For the moment, to judge by what the media reports, the working class isn’t mobilized, or only very little, no more than the majority of ordinary people. But they could be mobilized very rapidly. A workers’ explosion in Cairo, mixing political and social demands, would represent an immeasurable danger for the ruling class. Of course, the leading circles of the imperialist bourgeoisie repeatedly speak of “stabilization.” So do many of those who demonstrate today, but think above all about defending their property. Once Mubarak has fallen and even before, they speak of “stopping anarchy.”

It isn’t possible to define from afar the details of a policy that would accord with the interests of the working class. But the general line of this policy is obvious.

The working class obviously has an interest to participate in the current movement for the fall of the Mubarak regime.
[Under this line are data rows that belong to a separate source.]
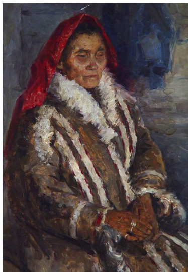
Иллюстрация 6. В. А. Игошев. Старуха манси . 1954. Картон, масло. 50 x 35. Нижнетагильский музей изобразительных искусств. Государственный каталог Музейного фонда РФ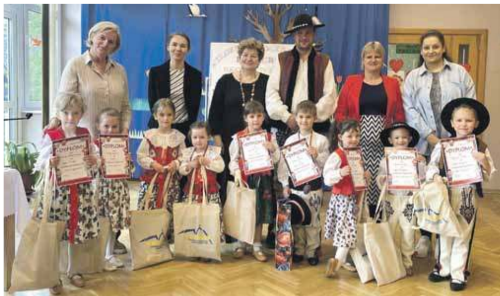
Najlepsi nagrodzeni wraz z organizatorami, opiekunami i rodzicami.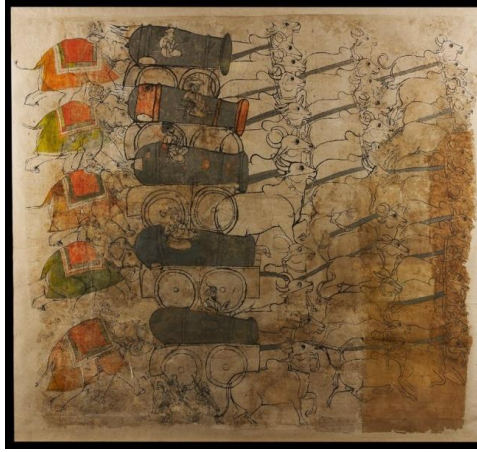
Resim 3: Babürlüler Devrinde Fillerin İtiş Gücü Sayesinde Ağır Topların Taşınması (18. yüzyıl ortaları, Kota).

http://jameelcentre.ashmolean.org/collection/8/sort_by/date/sort_order/asc/per_page/25/offset/0/object/12423 (11.07.2019); "Ashmolean Museum": https://tr.pinterest.com/pin/206743439114004572/ (11.07.2019).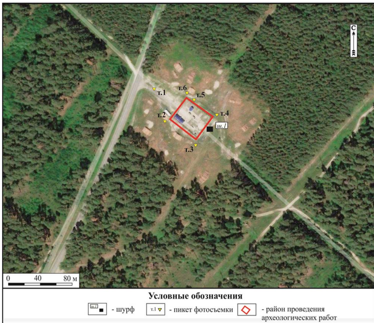
Илл.6. Пензенская область, Кузнецкий район. Земельный участок, отводимый под объект: «Газопровод-отвод к ГРС-53 п. Верховим (Комплексный капитальный ремонт ГРС с применением БЗГ), инв. №026488 (ПАО «Газпром») шифр 942.КР-20». Материалы общедоступной космосъемки. Места расположения шурфа и пикетов фотосъемки.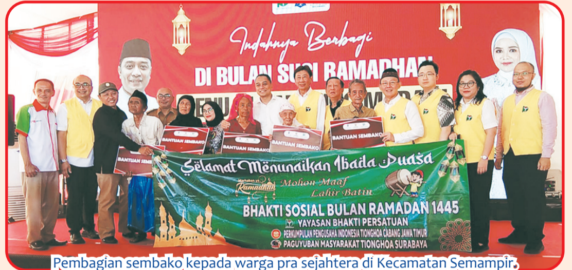
Pembagian sembako kepada warga pra sejahtera di Kecamatan Semampir.

SURABAYA (IM) - Pemkot Surabaya bersama YBP (Yayasan Bakti Persatuan) dan BAZNAS Surabaya, Senin (25/3), membagikan 6.000 paket sembako kepada keluarga miskin, secara serentak di 31 kecamatan.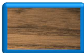
Frassino Tinto Noce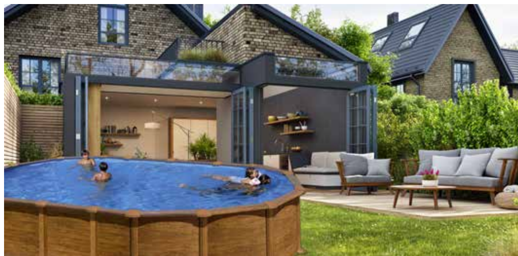
cod. KITPROV6188WO Ovale 610 x 375 x \pm 132 cm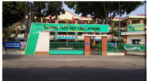
Trường Tiểu học Long Khánh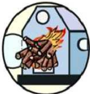
연료 한꺼번에 넣지 않기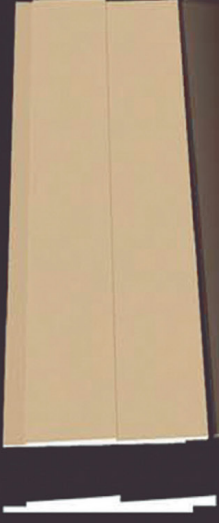
SD 140 50 x 4 x 200 cm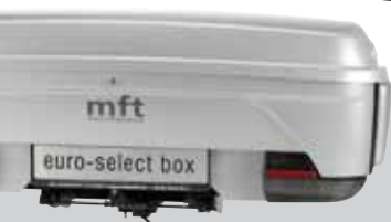
euro-select box (standard)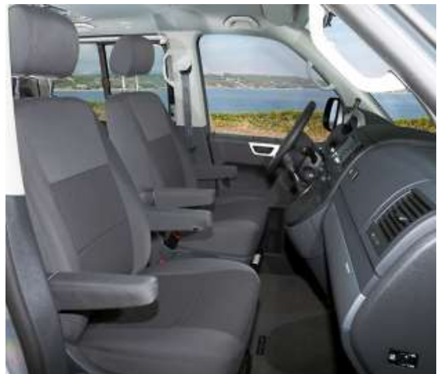
Zona de la cabina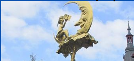
'T manneke uit de mane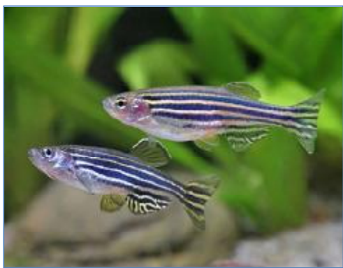
تصویر شماره ۱- ماهی گورخری برگرفته از

شیرین جهان دارد و به خوبی در صنعت آکواریوم و ماهیان زینتی اقصا نقاط جهان وارد شده است. از این ماهی برای کنترل بیولوژیک پشه در برخی نقاط دنیا (۲۵)، در صنعت آکواریوم و ماهیان زینتی (۲۶) و خصوصاً به عنوان یک گونه زیستی مدل ۶ در توسعه علوم مختلف زیست‌شناسی (۲۷ و ۲۸) استفاده می‌شود. به طور کلی ماهیان گورخری از زمان خروج از تخم (مرحله‌ی هیچ‌شدن یا تخم‌گشایی) تا ۲۱ روز پس از آن مرحله‌ی نوزادی (ماهی نوزاد) ۷ ، از روز بیست و یکم تا نودمین روز مرحله‌ی جوانی (ماهی جوان) ۸ و پس از نود روز مرحله‌ی بلوغ (ماهی بالغ) ۹ را طی می‌کنند (۲۹).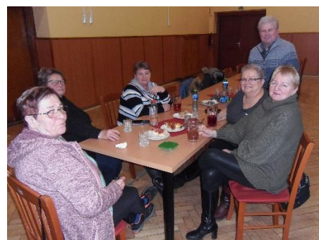
LM / foto LM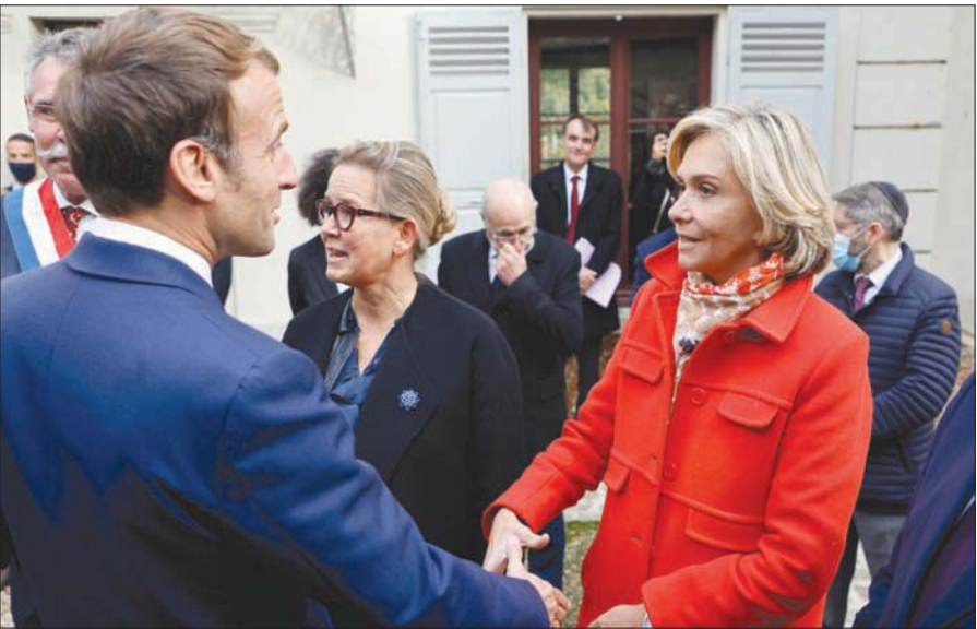
ماكرون يرحب بمرشحة حزب «الجمهوريون» اليميني فاليري بيكريس

القديمه من خلال إنشاء دفاع أوروبي قادر على حماية المصالح الأوروبية والتدخل في الجوار القريب، إضافة إلى إعادة النظر في اتفاقية «شنغن» لجهة جعلها أكثر تشدداً في موضوع الهجرات غير الشرعية. والرئيس الفرنسي عازم على الدعوة إلى عقد قمة أوروبية في مارس (آذار) المقبل تخصص للملف الدفاعي بعدما حصل من الرئيس جو بايدن على موقف أميركي متساهل بشأن قيام دفاع أوروبي يكون ردفاً لـ«الحلف الأطلسي» وليس بديلاً عنه. والرأي السائد أن ماكرون سوف يستخدم رئاسة الاتحاد لإظهار موقعه الاستثنائي بوصفه الأكثر قدرة على قيادة الدورة الأوروبية بعد خروج المستشار الألمانية من المسرح السياسي الأوروبي وغياب «مناقش» له ربما باستثناء رئيس الوزراء الإيطالي ماريو دراغي الذي أعاد إيطاليا إلى أسطة المسرح الأوروبي.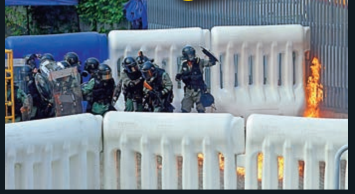
地點：金鐘、灣仔一帶 攻擊對象：在人群間向警員近距離正面投擲汽油彈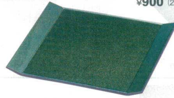
10-517-10 M-1-37 A 9寸羽反盛皿 グリーンパール ¥800 (27.2×21.2×1.7) 櫃100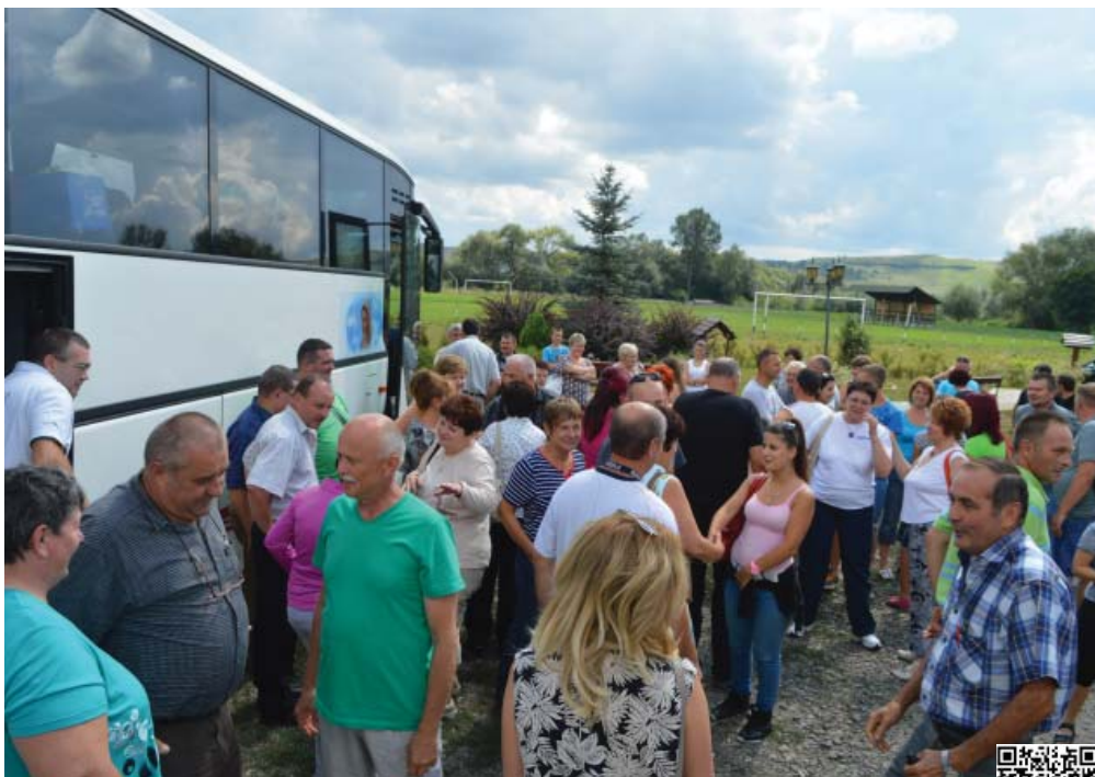
A megérkezés pillanatai: az új vendégeket is ugyanolyan szeretettel köszöntötték, mint a régi barátokat.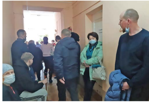
В городской поликлинике

«Оптимизация здравоохранения больно ударила нас, – пояснили ситуацию в райкоме КПРФ. – Два года назад был молодой хирург с женой. Но их не включили в программу «Земский доктор», и они уехали.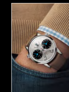
LM1 LONGHORN WRISTSHOT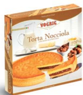
TORTA NOCCIOLA Scatola/Box - 450 g Torta a base di pasta frolla con crema alla nocciola. Short pastry cake with hazelnut cream.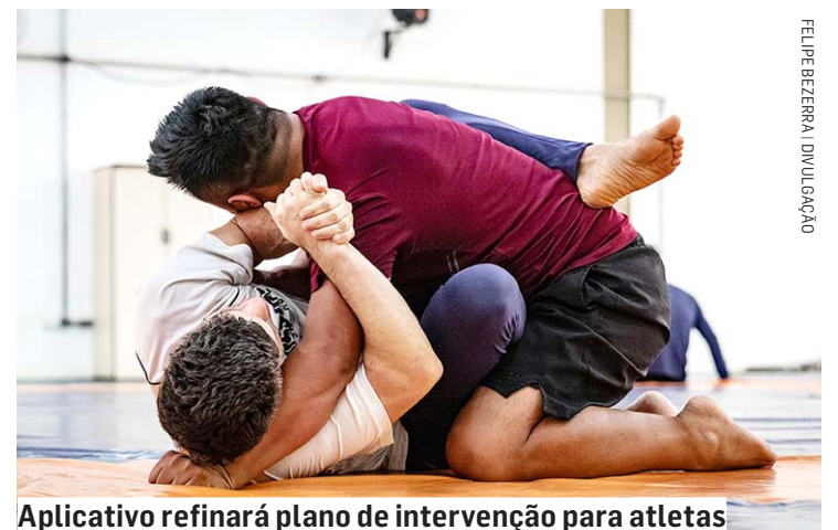
Aplicativo refinará plano de intervenção para atletas

A ideia do software surgiu a partir de um trabalho iniciado ainda em 2013, quando Piedade - que coordena a área de Medicina do Exercício e do Esporte da universidade - começou a estudar o Prom, acrônimo de patient reported outcome measures, ou desfechos relatados pelos pacientes. Trata-se de um questionário que identifica a avaliação do paciente sobre seu próprio tratamento antes da resposta de um especialista. Até cerca de 20 anos atrás, os resultados dos procedimentos médicos eram avaliados a par-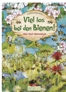
Viel los bei den Bienen!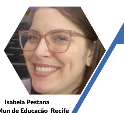
Isabela Pestana Sec Mun de Educação Recife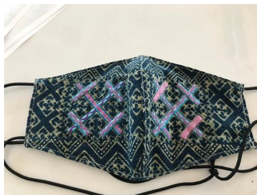
การพัฒนาผลิตภัณฑ์หน้ากากอนามัยผ้าเขียนเทียน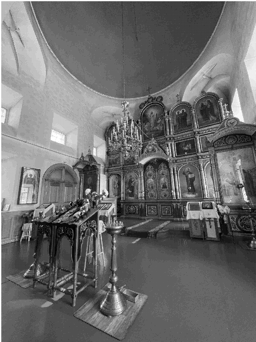
Интерьер (главный иконостас) объекта культурного наследия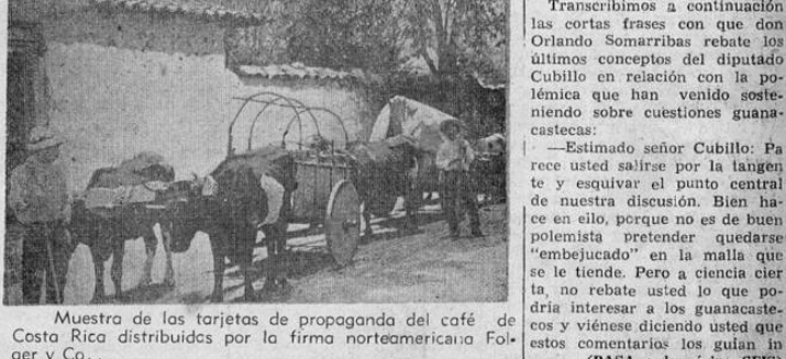
Muestra de las tarjetas de propaganda del café de Costa Rica distribuidas por la firma norteamericana Folger y Co.

A MELITOPOL ENTRARON LOS ALEMANES LONDRES, 10. UP. — La radio de Vichy anunció: "Según informaciones procedentes de Berlín los alemanes entraron en Melitopol". La ciudad de Melitopol se encuentra en la región noreste de la península de Crimea.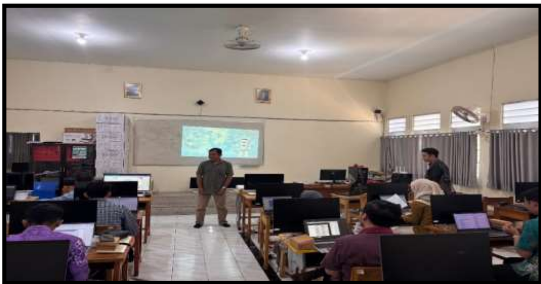
Gambar 4.5 Materi Kepegawaian dan Administrasi

Biasanya bergabung dengan guru, materinya tentang kepegawaian dan administrasi tata usaha. Pelatihan seperti itu biasanya diadakan oleh dinas, walaupun tidak terlalu sering. 122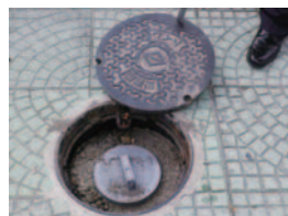
下水直結式仮設トイレ用マンホール

このトイレは水道が使用できない場合でも、プール等の水を活用してトイレの汚物を下水管へ流すことができます。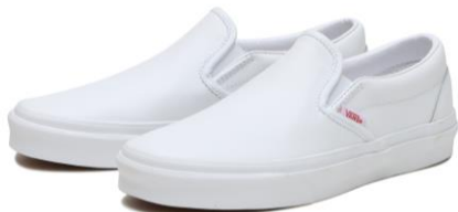
商品名：CLASSIC SLIP-ON カラー：(W.LOVERS)WH/WH サイズ：22.0cm~29.0cm 価格：¥8,250 (税込)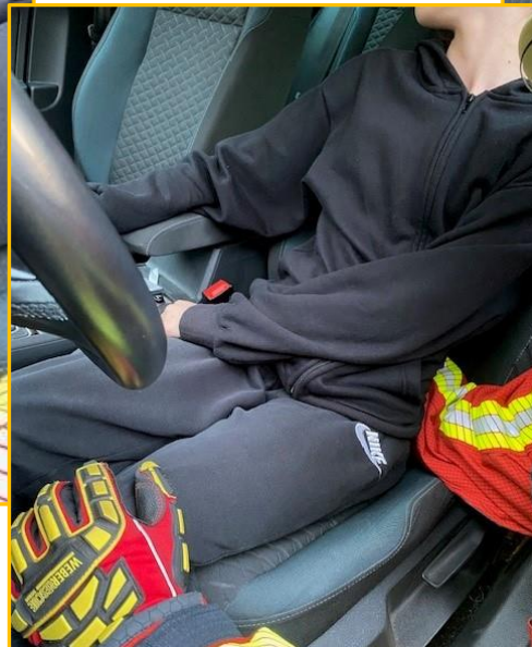
Neben Patienten knien und greifen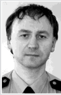
pprap. Foltýn, okrsek č. 2: Rychvald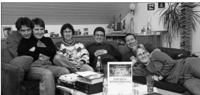
Der Hauskreis Haist

Wir treffen uns jeden Donnerstag um 19:00 Uhr und starten erst mal mit einem leckeren gemeinsamen Essen. Wenn dann der Leib gut versorgt ist, gibt's ein Bibelthema, damit auch Seele und Geist nicht zu kurz kommen. Und da so ein Donnerstagabend immer wie im Flug vergeht, nutzen wir auch schon mal ein ganzes Wochenende, um Bibelstudium und Gemeinschaft zu vertiefen.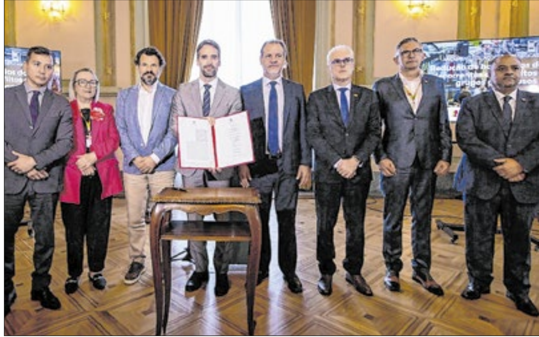
Entre as ações estão a criação de uma vara especial de execução penal

A instalação da 3ª Vara de Execuções Criminais da Comarca de Porto Alegre (3ª VEC/POA) terá competências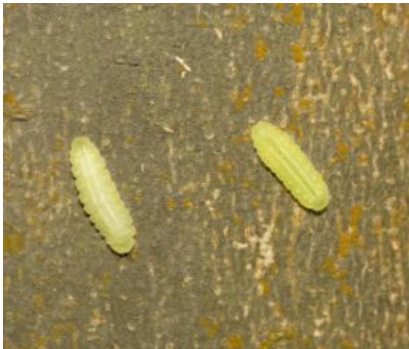
圖 11. 幼蟲化蛹前會往寄主樹幹基部移動

芽後孵化，若齡幼蟲就會移棲於新芽或嫩葉上，老熟幼蟲則多棲息在寄主新葉背面的中肋附近，啃食的葉片食痕多呈孔洞狀。老熟幼蟲在化蛹前，會往寄主樹幹底下較暗蔽處移動，並在鄰近的樹幹、牆垣或植物葉下化蛹，也有些會直接化蛹在寄主葉背上。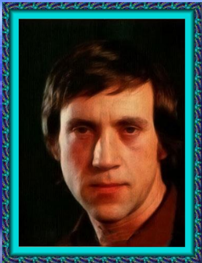
Владимир Семёнович Высоцкий ( 1938-1980 )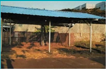
Pembuatan Atap Lapangan Tenis Meja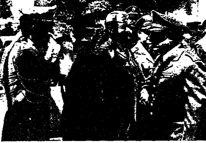
العميد الركن خوري يضع اكليلاً من الزهر على النصب التذكاري

احتفل أمس عيد الجيش اللبناني في بيروت والمناطق ، واتيحت احتفالات شهداء كبار العسكريين وشملت عروضاً للوحدات . وقد اقيم عند الساعة العاشرة قبل ظهر امس ، احتفال في ساحة النصب التذكاري للجندي المجهول - المتصغير برئاسة قائد الجيش العميد الركن فكتور خوري وحضور رئيس الاركان العميد المجدد من طريه وكبار الضباط والقادة ، والتمتعين العسكريين المبرزين والوفود من الجبهة العلمية قوى الامن الداخلي ، والجبهة العلمة والاعلام ورابطة المحاربين القتلاء . افتتح الاحتفال بالتشديد الوطني . وبعد ان اقيمت التشملة وضع قائد الجيش اكليلاً من الزهر على النصب التذكاري للجندي المجهول ، ثم تقدمت الوفود الاخرى ووضعت اكليل الزهر على النصب .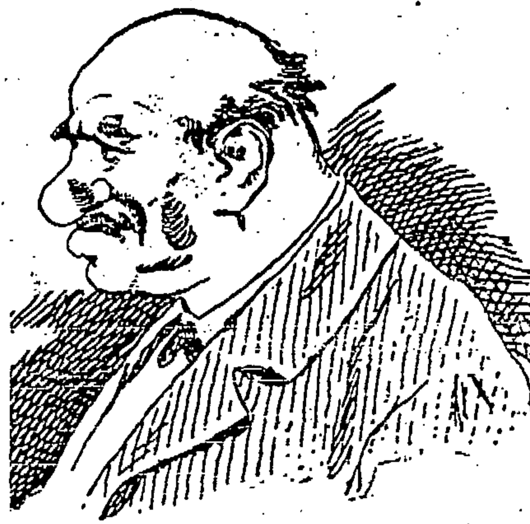
VIVE DEL TRABAJO.... DE LOS DEMÁS.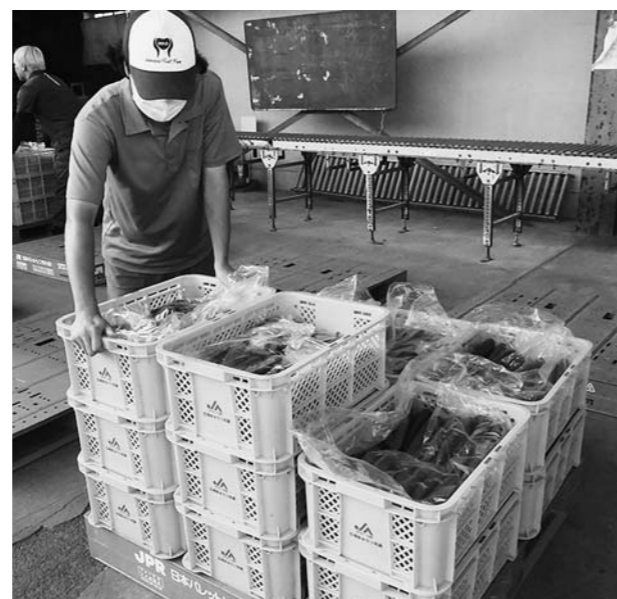
▲生産者がきゅうりの入ったコンテナを集荷所に搬入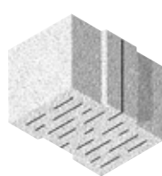
L x B x H in cm: 24,7 x 36,5 x 24,9 12 DF

BISOGREEN® Ergänzungssteine sind der wertvolle Garant für homogenes Mauerwerk – Längen-/Höhenausgleich, Deckenabmauerung, schlankes Pfeilermauerwerk oder Ausfachungen. Die passenden BISOGREEN® Innenwandsteine für tragende und nichttragende Wände sind auf Seite 24 dargestellt.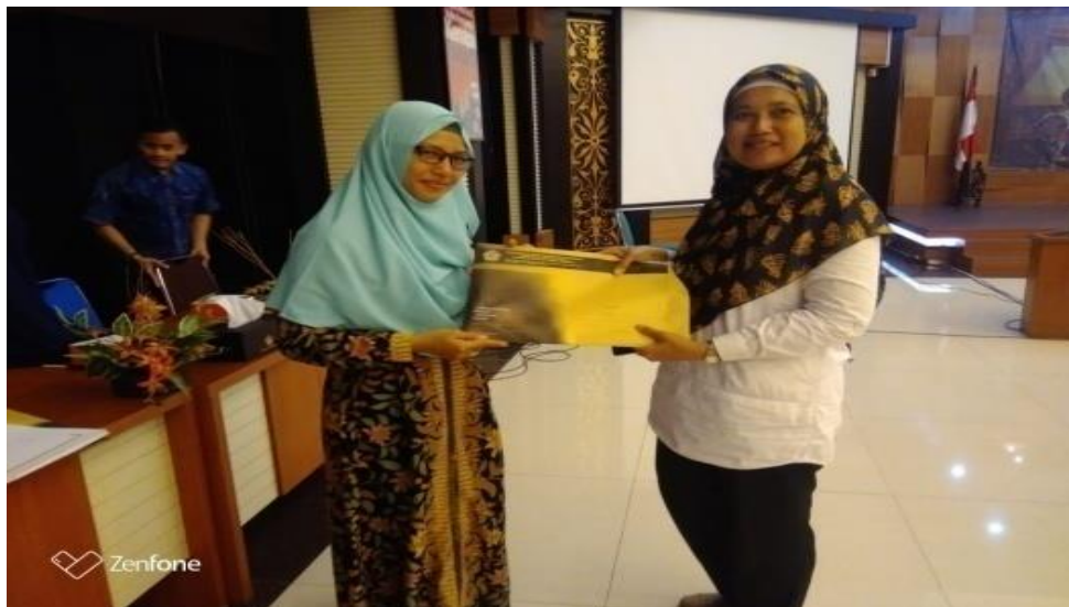
Gambar 4. Penyerahan hasil tes kepada Tax Center (Tim Pengabdian)

Tugas tim pengabdian selanjutnya adalah melakukan penilaian dan menentukan hasilnya. Hasil penilaian diserahkan kepada DJP Kanwil Jateng II

Freedom and democratic rights concern it still more than the petty bourgeoisie and its intelligentsia–even if “democracy” means something different for the working class than for the middle layers of society.

The working class needs to put forward its own class objectives, independently of the petty bourgeoisie, which today has risen up, but which will inevitably break with the movement, if the movement radicalizes and threatens its property.

The workers need to try to draw the army to their side, by trying to touch the rank and file soldiers–as sons of the workers and small peasants–to oppose them to the army’s general staff and the top officers.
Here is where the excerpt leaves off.